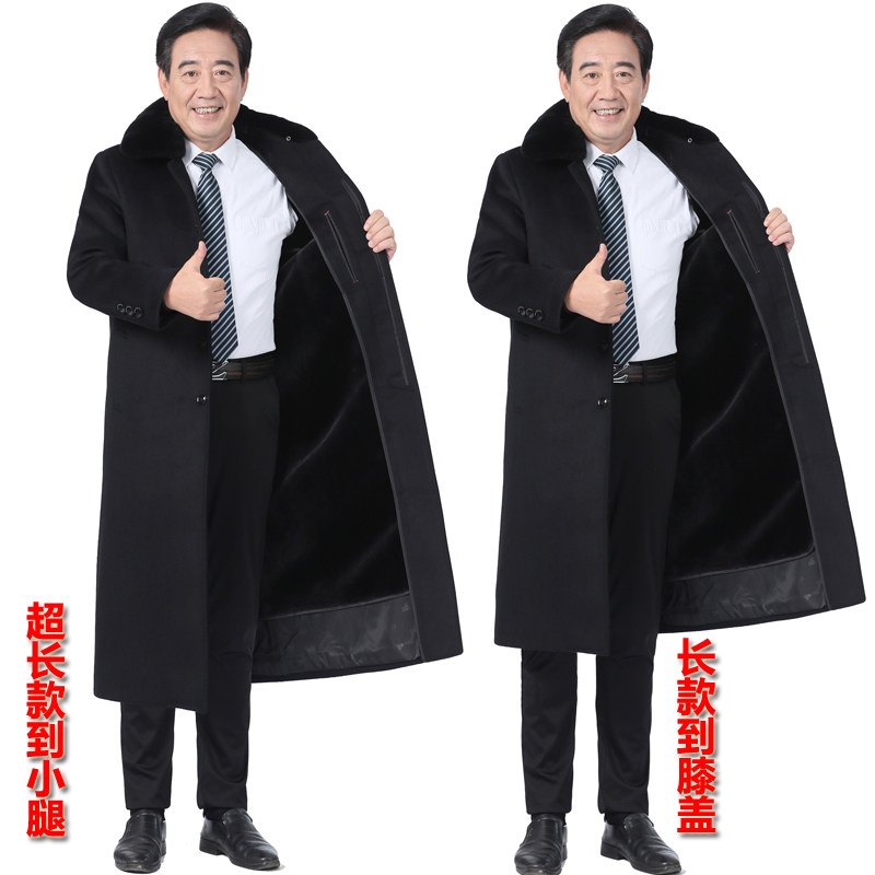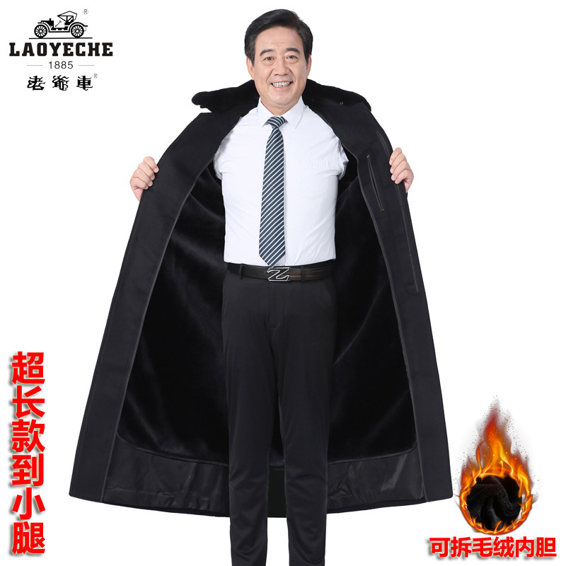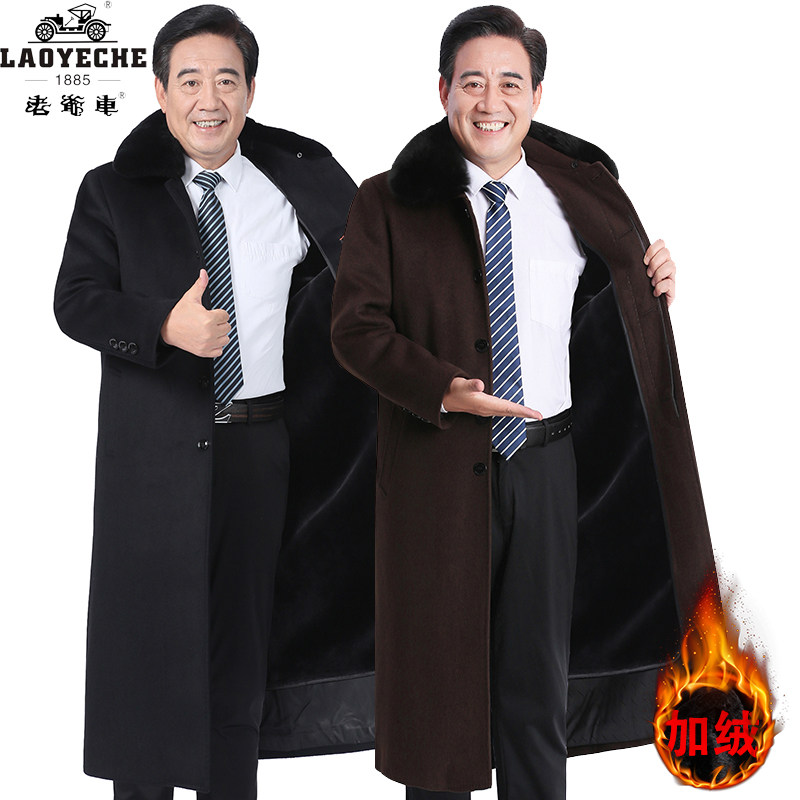 淘老爷车羊绒大衣男中老年长款过膝羽绒内胆爸爸装加厚毛呢风衣外套
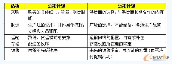 所有企业都具备五项基本活动,采购、制造、运输、存储、销售,其叶可以利用供应链管理的概念之订出相应的近期和远期计划。近期计划是针对某一种情况而制定,是具体操作的内容,远期计划则是设计整个企业的供应链方案。
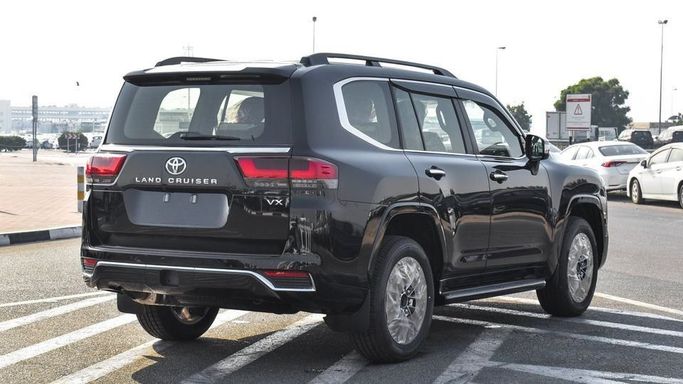 Brand new Toyota Land Cruiser VX 4.0L V6 for sale in Dubai. Black 2024 model, available at Najem Motors FZE. This car has automatic transmission, 6 cylinder engine, 20″ wheels and black interior. GCC specs.
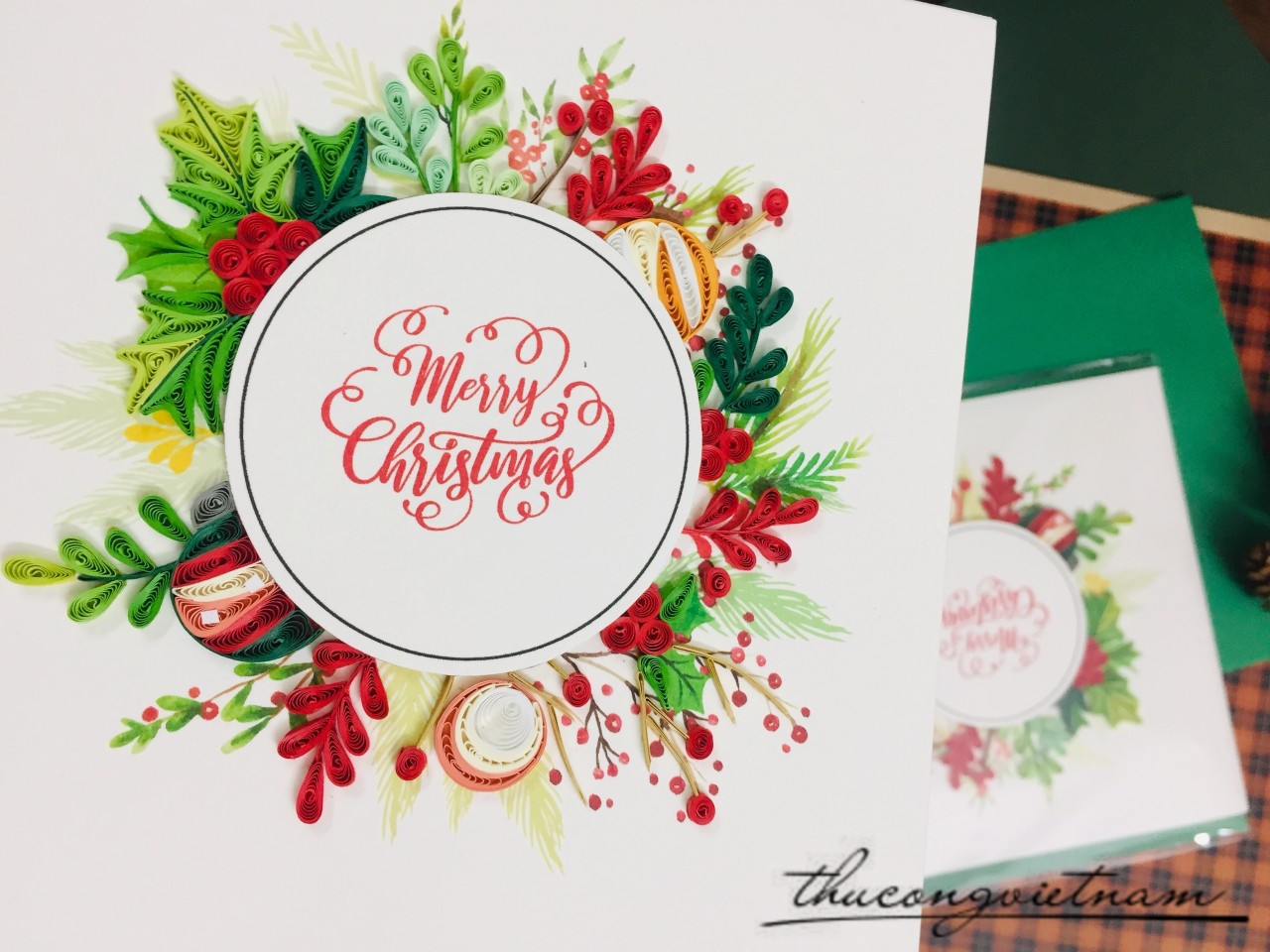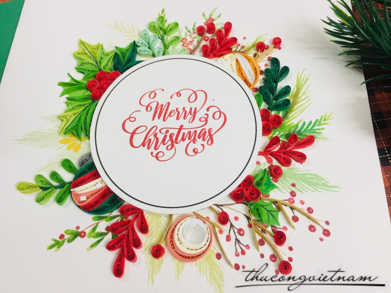Mẫu thiệp giáng sinh này nổi bật với những họa tiết được quấn giấy quilling, không cầu kì nhưng đẹp mắt và nổi bật.
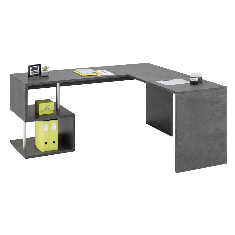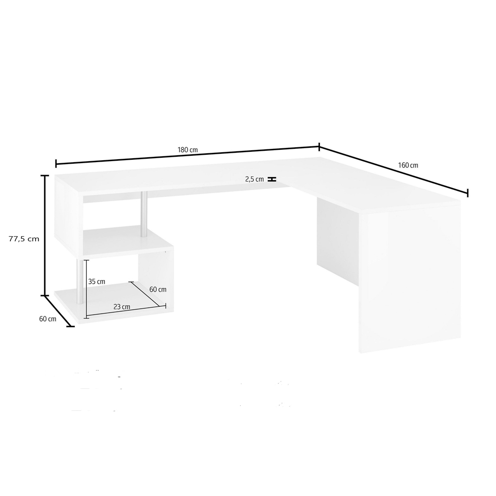 The corner desk is characterized by its modern design with a practical side shelf in the shape of an "S" with 2 open compartments which gives the structure a particular and contemporary look. Can be used as a study or work desk, it is made of sturdy and resistant sustainable melamine wood coated in melamine resin available in two finishes.
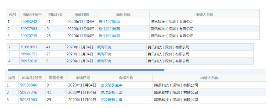 其實(shí),將自身關(guān)聯(lián)性高、原創(chuàng)的詞語(yǔ)進(jìn)行注冊(cè)成商標(biāo),并不是只有周深意識(shí)到了其中的重要性和價(jià)值,就在不久之前,騰訊就曾申請(qǐng)注冊(cè)“穩(wěn)住我們能贏”、“保護(hù)我方輸出”、“進(jìn)攻暗影主宰”、“順風(fēng)不浪”、“逆風(fēng)不倒”、“我拿BUFF”等商標(biāo),這幾句話均與騰訊旗下《王者榮耀》等手機(jī)游戲相關(guān)。
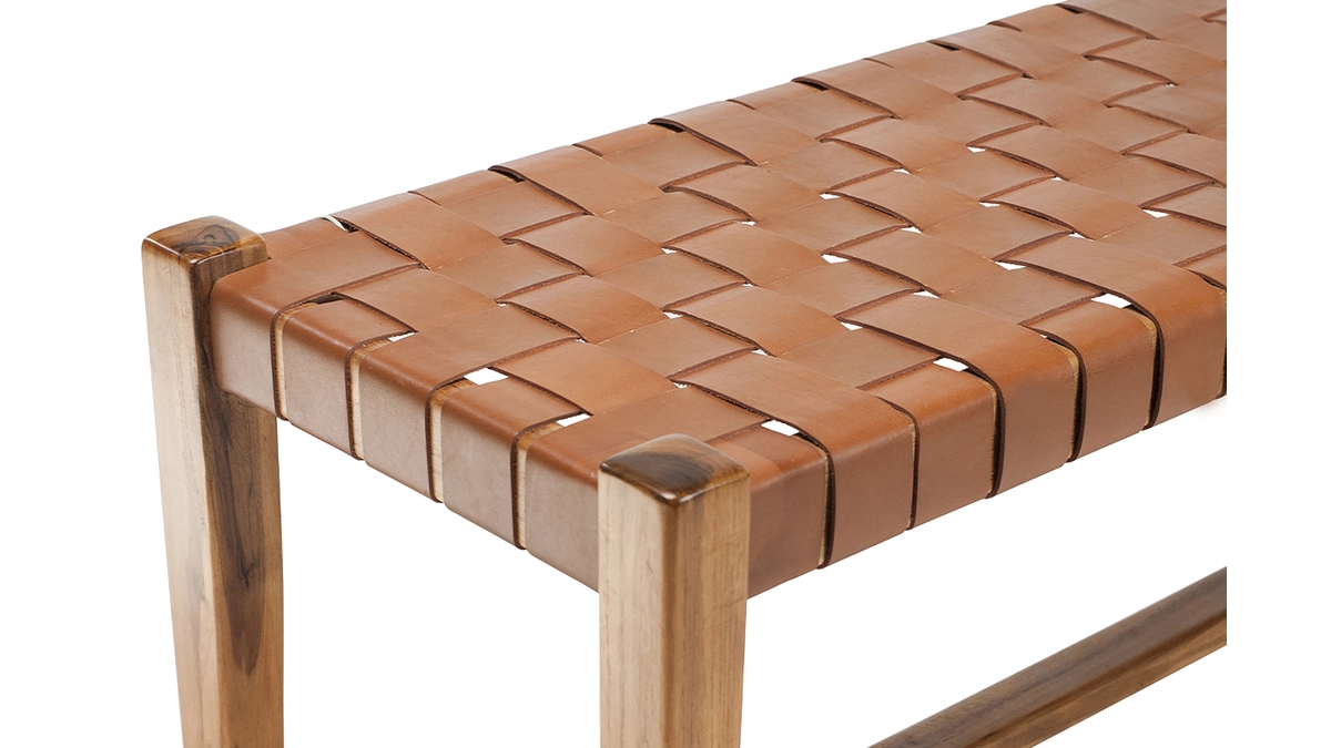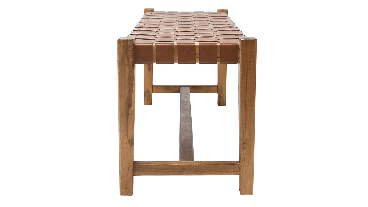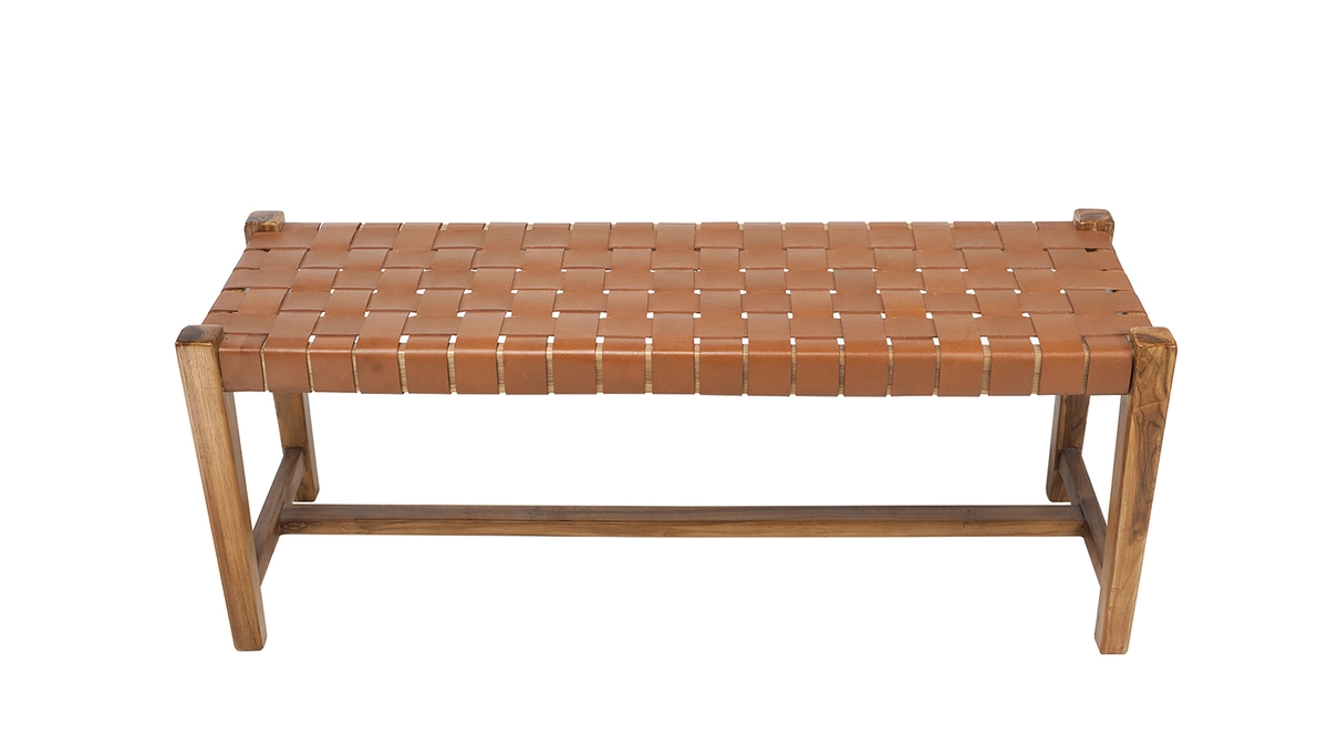 Associant teck massif et cuir de vache tressé, ce banc d’intérieur est un véritable atout déco. En plus de proposer une nouvelle façon de s’asseoir très actuelle, ce banc ethnique se distingue par sa conception et ses matériaux. C’est une pièce artisanale dont le cuir a été tressé à la main. Il est complété par une structure en teck, une essence de bois tropicale, appréciée pour ses jolies nuances et sa solidité. Ce banc marron en bois et sangles de cuir est une pièce d’exception, au charme fou.
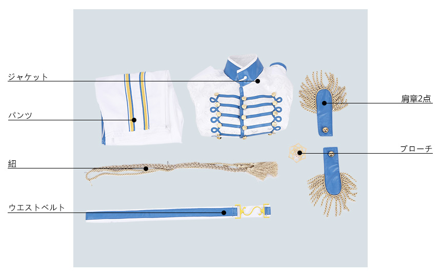 ジャケット、パンツ、飾り物(ブローチ、紐、ウエストベルト、肩章2点)
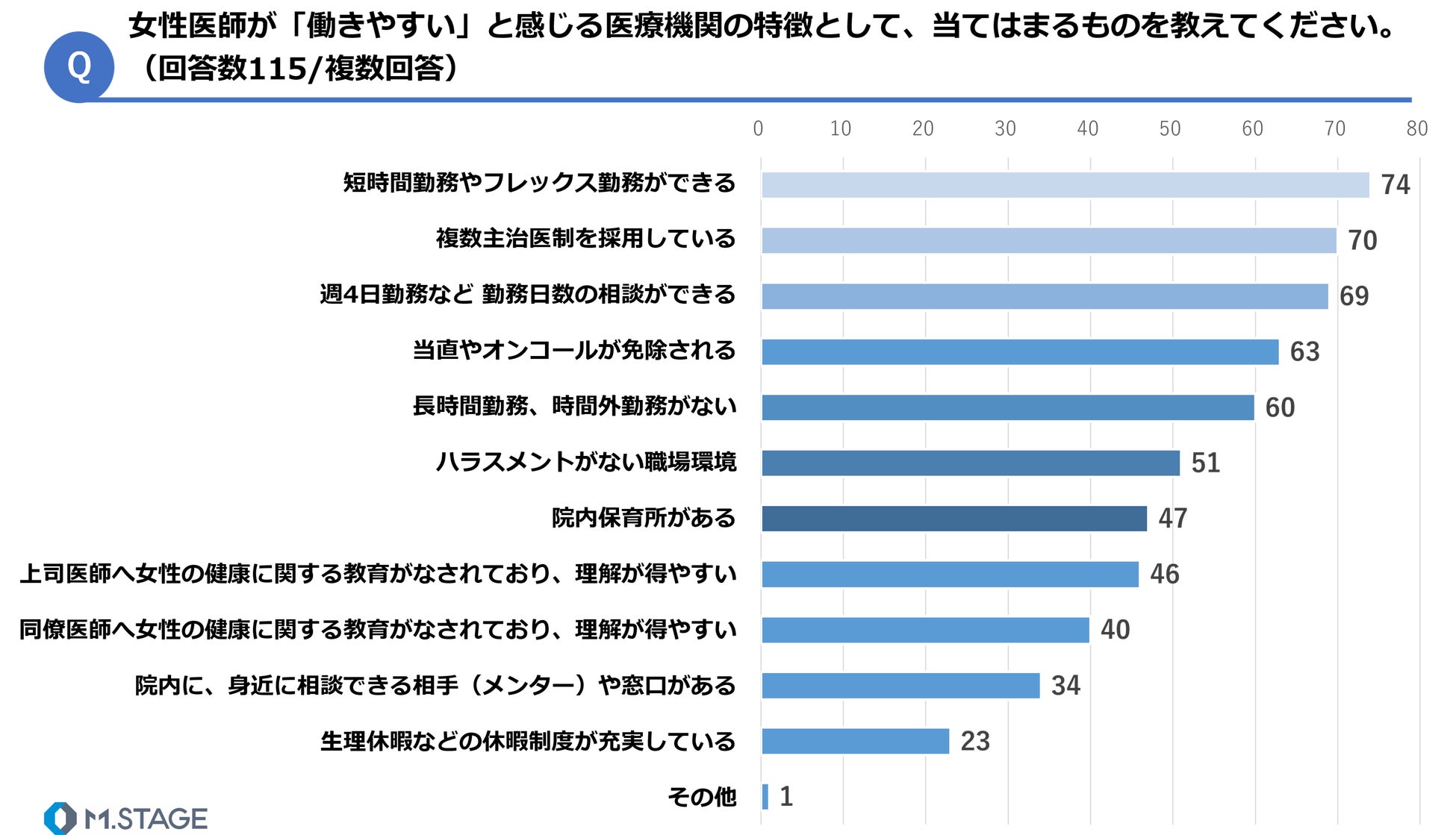女性医師が「働きやすい」と感じる医療機関の特徴として、「短時間勤務やフレックス勤務ができる」(74)が一番多く、「複数主治医制を採用している」(70)、「週4日勤務など、勤務日数の相談ができる」(69)、「当直やオンコールが免除される」(63)、「長時間勤務、時間外労働がない」(60)が続きました。

********

■ Task brief: Each entry above is to be written out exactly. The pictures stay out.

■ Response to the task:
 淘老爷车羊绒大衣男中老年长款过膝羽绒内胆爸爸装加厚毛呢风衣外套
 所有企业都具备五项基本活动,采购、制造、运输、存储、销售,其叶可以利用供应链管理的概念之订出相应的近期和远期计划。近期计划是针对某一种情况而制定,是具体操作的内容,远期计划则是设计整个企业的供应链方案。
 Brand new Toyota Land Cruiser VX 4.0L V6 for sale in Dubai. Black 2024 model, available at Najem Motors FZE. This car has automatic transmission, 6 cylinder engine, 20″ wheels and black interior. GCC specs.
Mẫu thiệp giáng sinh này nổi bật với những họa tiết được quấn giấy quilling, không cầu kì nhưng đẹp mắt và nổi bật.
 The corner desk is characterized by its modern design with a practical side shelf in the shape of an "S" with 2 open compartments which gives the structure a particular and contemporary look. Can be used as a study or work desk, it is made of sturdy and resistant sustainable melamine wood coated in melamine resin available in two finishes.
 其實(shí),將自身關(guān)聯(lián)性高、原創(chuàng)的詞語(yǔ)進(jìn)行注冊(cè)成商標(biāo),并不是只有周深意識(shí)到了其中的重要性和價(jià)值,就在不久之前,騰訊就曾申請(qǐng)注冊(cè)“穩(wěn)住我們能贏”、“保護(hù)我方輸出”、“進(jìn)攻暗影主宰”、“順風(fēng)不浪”、“逆風(fēng)不倒”、“我拿BUFF”等商標(biāo),這幾句話均與騰訊旗下《王者榮耀》等手機(jī)游戲相關(guān)。
 Associant teck massif et cuir de vache tressé, ce banc d’intérieur est un véritable atout déco. En plus de proposer une nouvelle façon de s’asseoir très actuelle, ce banc ethnique se distingue par sa conception et ses matériaux. C’est une pièce artisanale dont le cuir a été tressé à la main. Il est complété par une structure en teck, une essence de bois tropicale, appréciée pour ses jolies nuances et sa solidité. Ce banc marron en bois et sangles de cuir est une pièce d’exception, au charme fou.
 ジャケット、パンツ、飾り物(ブローチ、紐、ウエストベルト、肩章2点)
女性医師が「働きやすい」と感じる医療機関の特徴として、「短時間勤務やフレックス勤務ができる」(74)が一番多く、「複数主治医制を採用している」(70)、「週4日勤務など、勤務日数の相談ができる」(69)、「当直やオンコールが免除される」(63)、「長時間勤務、時間外労働がない」(60)が続きました。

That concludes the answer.